Actual training data for Assessor ?
Hi,
What is actual training data for Assessor ?
- Is it only the images created using Background and template image or
- Images + ratio (inside images.csv file)
I have observed that inside the images.csv file , ratios are generated only if I am using
--zoom-mode
For example,

In the created dataset (Templates are industry workers and Backgrounds are production plant)
-
in Figure B the ratio represents correctly
-
but in Figure A and C, the ratio do not seem to correct representation of the IoU between Template and Background image ( In figure C, 0.85 means 85% of the image is covered by target object. Is that correct ?)
Could you please help me to identify, what exactly is the ground truth for Assessor ?
Thanks Rahul
Hi,
the exact training data for the assessor are the images created using backgrounds and templates and the calculated iou of the image crop and the pasted object. Your assessor dataset looks a bit odd. B is definitely correct. Did you create this dataset with the scripts provided in this repository?
And yes as you already noticed, you have to use the flag --zoom-mode to get real iou labels, otherwise the labels are based on a very naive metric (which may still work). But even with --zoom-mode such naive labels are mixed into the dataset, because we found that this actually helps with the training.
Furthermore, it might make sense to try and make sure that the IOU is evenly distributed over all generated training samples. The script does not do this right now, but you should be able to add this.
In figure C, 0.85 means 85% of the image is covered by target object. Is that correct ?
0.85 means that the intersection over union of the bounding box of the target object and the cropped bounding box is 0.85. It does not necessarily mean the 85% of the image is covered by the target object.
You can have a look at the poster we created for our presentation of the paper at the AMV Workshop (here) the section about data generation shows the process in a brief overview. Maybe that helps you to understand what is happening.
Hope I could help you!
Hi,
Thanks for your reply.
I used the following script to generate images
python datasets/sheep/paste_and_crop_sheep.py train_data/assessor/backgrounds \
train_data/assessor/dataset \
--stamps train_data/assessor/templates/*.png \
--num-samples 1000 \ # number of samples to create 10,000 is a good value
--output-size 300 400 \ # size of the created images, in this case 75px wide and 100px high
--zoom-mode # crop based on intersection over union of object and view
Actually I used, 300 400 as output size instead of 75 100 in the script.
Thanks for the Poster. In the poster, it is written that
Select Box and determine IoU
How and where can I select Box ? Can you please help me to understand that ?

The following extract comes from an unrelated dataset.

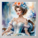 Esta bela poster de uma retrorreflectora vestindo um fabuloso conjunto com flores em seu cabelo é perfeita para sua decoração caseira.
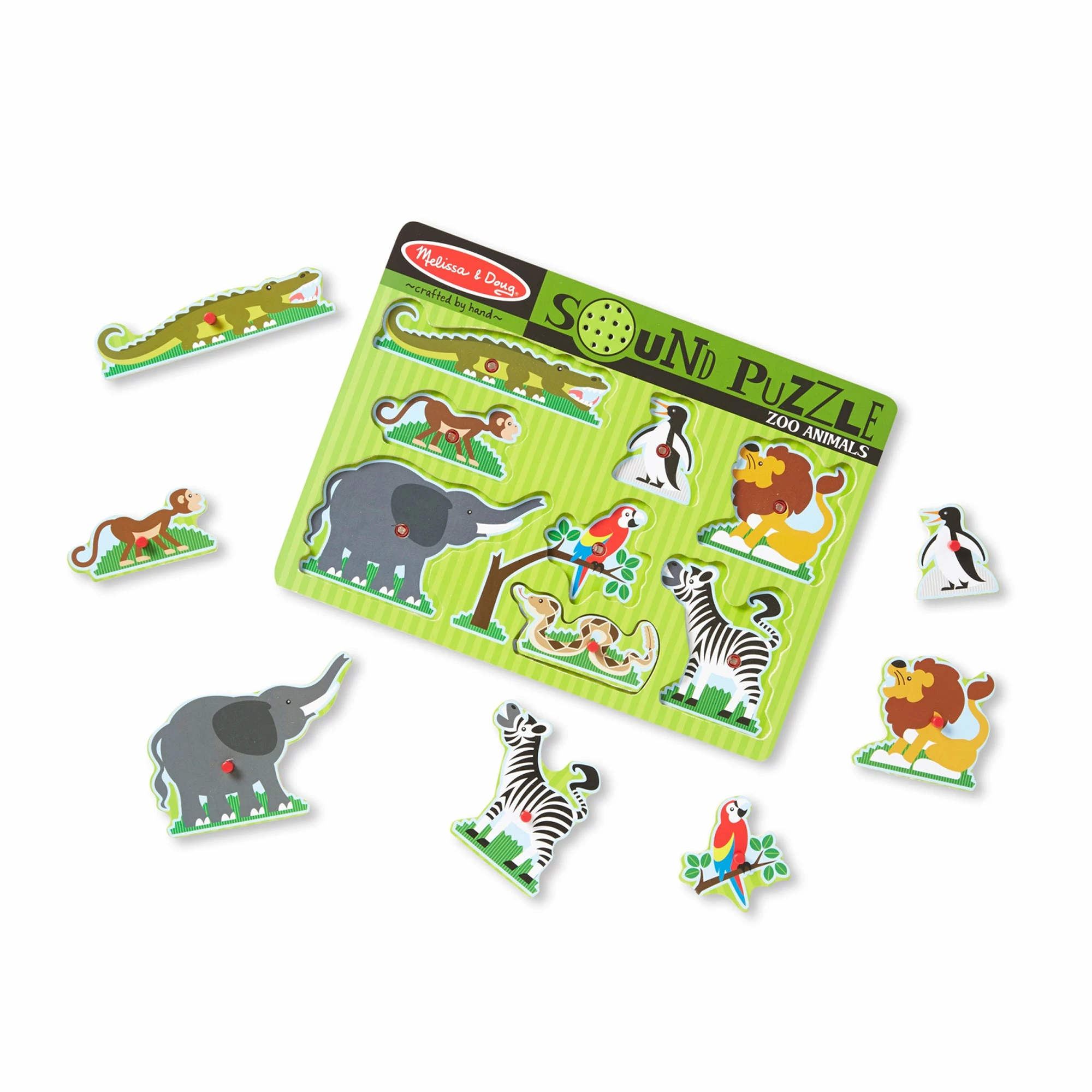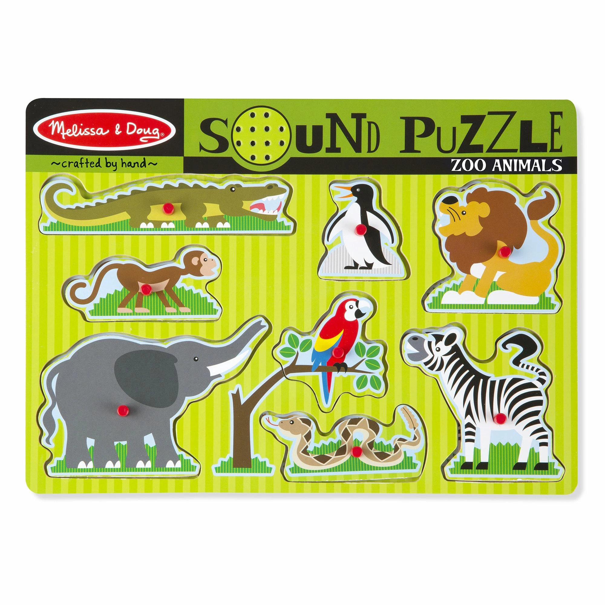 Listen to the voices of eight favorite zoo animals when the puzzle pieces are correctly placed in the puzzle board! Each animal piece has a matching full-color picture beneath. Eye- and ear-catching puzzle enhances matching and listening skills.

In C it is 0.85 and the it is IoU of bounding box of target object and cropped bounding box. As I understood, Bounding box of target object is always same and cropped bounding box varies as per the cropping. Please correct me if I am wrong.
Is it possible to know the size of Bounding box of target object, if it is always same for a template?
Thanks Rahul
Hi,
it looks like you used the script in the correct way. How large are your background images?
How and where can I select Box ? Can you please help me to understand that ?
With Select Box we basically mean that we select a random location in the image (the orange box) and we determine the IOU of this orange box with the red box (which is the bounding box of our object). The orange box is selected by the script and the script tries to use some heuristics to produce somehow evenly distributed training images. Evenly distributed here means that the IOUs from 0 to 1 are evenyl distributed in the resulting dataset.
If the iou of the bounding box of the target object and the cropped bounding box is really 0.85 in C then it seems that the bounding box of your industry worker is way too large, because if I look at that image it seems to me that the correct labeling should be something like0.15 or 0.2.
The bounding box of the target object always has the same size, but it is placed in a different location everytime, so the bounding box is not always the same, it is only the size that is always the same. The cropped bounding box varies based on the location it is placed and what parts of the image are cropped.
Of course you always know the size of the bounding box of the target object, if you are using it as a template. It is always the size of the template image in pixels.
Hope that helps :wink:
Thanks for your comment and it really helps.
My background images are big which are of sizes (700-1200)x (600-1000).
Yes exactly, for correct labeling it should be between 0.5 to 0.2.
Till now I am not able to figure out the label came wrong. I will try to try to use different template images and see whether it is changing.
Thanks really for support and such a nice work.